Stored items

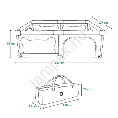 • A játszótér mérete lehetővé teszi a szabad mozgást, gurulást, kúszást és az első lépéseket anélkül, hogy elhagyná a területet.
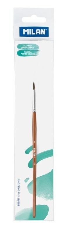 Szkolny okrągły pędzel serii 101 nr 4 z krótkim drewnianym trzonkiem. Skład: 70% naturalnego włosia koziego + 30% syntetyczne. Brązowe lakierowane wykończenie i aluminiowa skuwka bez spawania, odporna na rdzewienie. Bardzo miękkie włosie idealne do akwareli, technik wodnych i farb plakatowych....
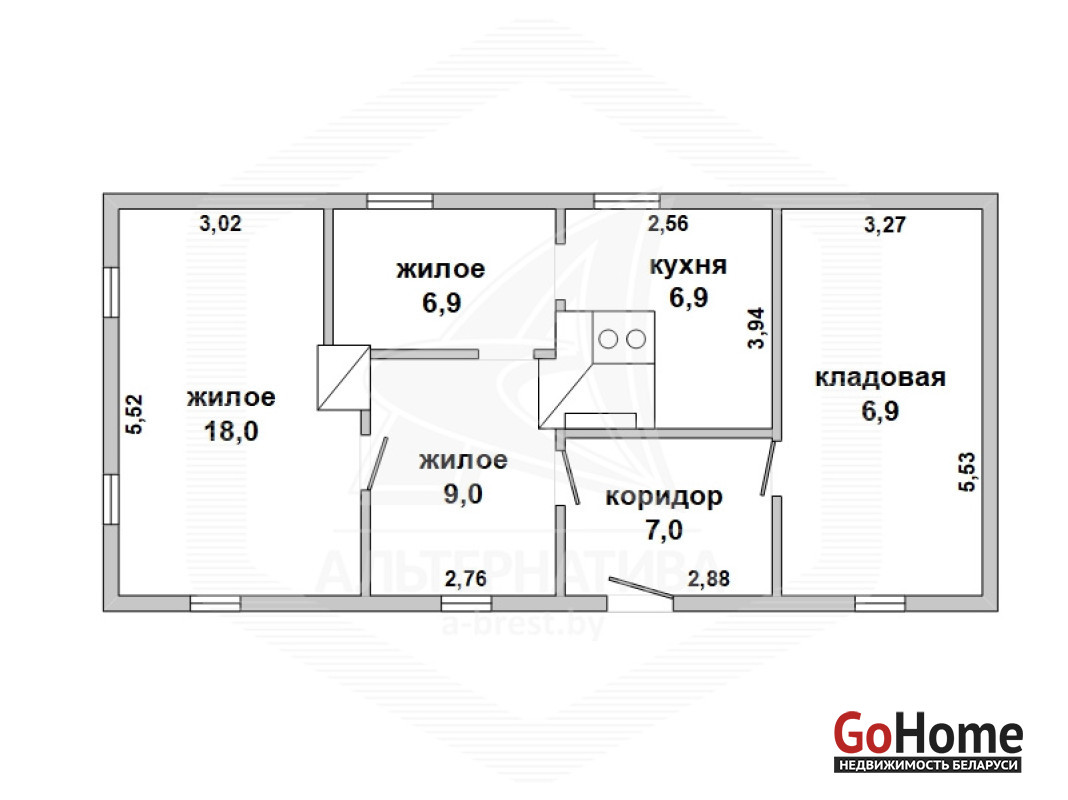 Агроусадьба в Кобринском р-не. 1927 г.п. 1 этаж. Общ.СНБ - 66,0 кв.м, общ.- 66,0 кв.м, жил.- 34,0 кв.м, кух.- 6,9 кв.м. 3 комнаты, высота потолка - 2,50 м.
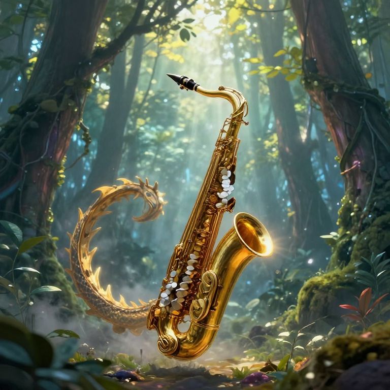 A vibrant, digital fantasy artwork depicts a golden, saxophone-shaped dragon with a serpentine body and a dragon head, adorned with glowing white spots. The dragon stands in a sunlit, enchanted forest, surrounded by lush green foliage and tall trees. Light filters through the canopy, creating a magical, ethereal glow. A small black bird perches on the dragon's curled horn. The saxophone has intricate golden details and a shiny, metallic sheen. The forest floor is scattered with small, colorful flowers, adding to the whimsical atmosphere. The image combines realistic textures with fantastical elements, creating a captivating, otherworldly scene.
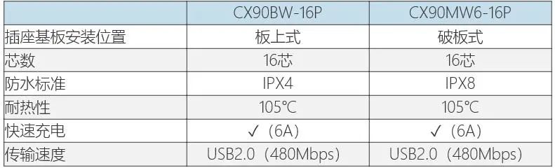 “CX90MW6-16P”是將連接器嵌入基板安裝的破板式類型,由于沒有安裝高度,有助于設備的低薄化。此外,通過在內部使用獨特結構的零件實現了高基板固定強度,結合外殼所具備的螺絲孔,在安裝后進行螺絲固定,可以進一步提高固定強度。作為對環境的特性,實現了IPX8的高防水性能?!癈X90BW-16P”和“CX90MW6-16P”都具有105℃的高耐熱性,并且還支持6A高電流的高速充電。

• [To do] Print every record exactly without the images.

• [Exercise output]
 • A játszótér mérete lehetővé teszi a szabad mozgást, gurulást, kúszást és az első lépéseket anélkül, hogy elhagyná a területet.
 Szkolny okrągły pędzel serii 101 nr 4 z krótkim drewnianym trzonkiem. Skład: 70% naturalnego włosia koziego + 30% syntetyczne. Brązowe lakierowane wykończenie i aluminiowa skuwka bez spawania, odporna na rdzewienie. Bardzo miękkie włosie idealne do akwareli, technik wodnych i farb plakatowych....
 Агроусадьба в Кобринском р-не. 1927 г.п. 1 этаж. Общ.СНБ - 66,0 кв.м, общ.- 66,0 кв.м, жил.- 34,0 кв.м, кух.- 6,9 кв.м. 3 комнаты, высота потолка - 2,50 м.
 A vibrant, digital fantasy artwork depicts a golden, saxophone-shaped dragon with a serpentine body and a dragon head, adorned with glowing white spots. The dragon stands in a sunlit, enchanted forest, surrounded by lush green foliage and tall trees. Light filters through the canopy, creating a magical, ethereal glow. A small black bird perches on the dragon's curled horn. The saxophone has intricate golden details and a shiny, metallic sheen. The forest floor is scattered with small, colorful flowers, adding to the whimsical atmosphere. The image combines realistic textures with fantastical elements, creating a captivating, otherworldly scene.
 “CX90MW6-16P”是將連接器嵌入基板安裝的破板式類型,由于沒有安裝高度,有助于設備的低薄化。此外,通過在內部使用獨特結構的零件實現了高基板固定強度,結合外殼所具備的螺絲孔,在安裝后進行螺絲固定,可以進一步提高固定強度。作為對環境的特性,實現了IPX8的高防水性能?!癈X90BW-16P”和“CX90MW6-16P”都具有105℃的高耐熱性,并且還支持6A高電流的高速充電。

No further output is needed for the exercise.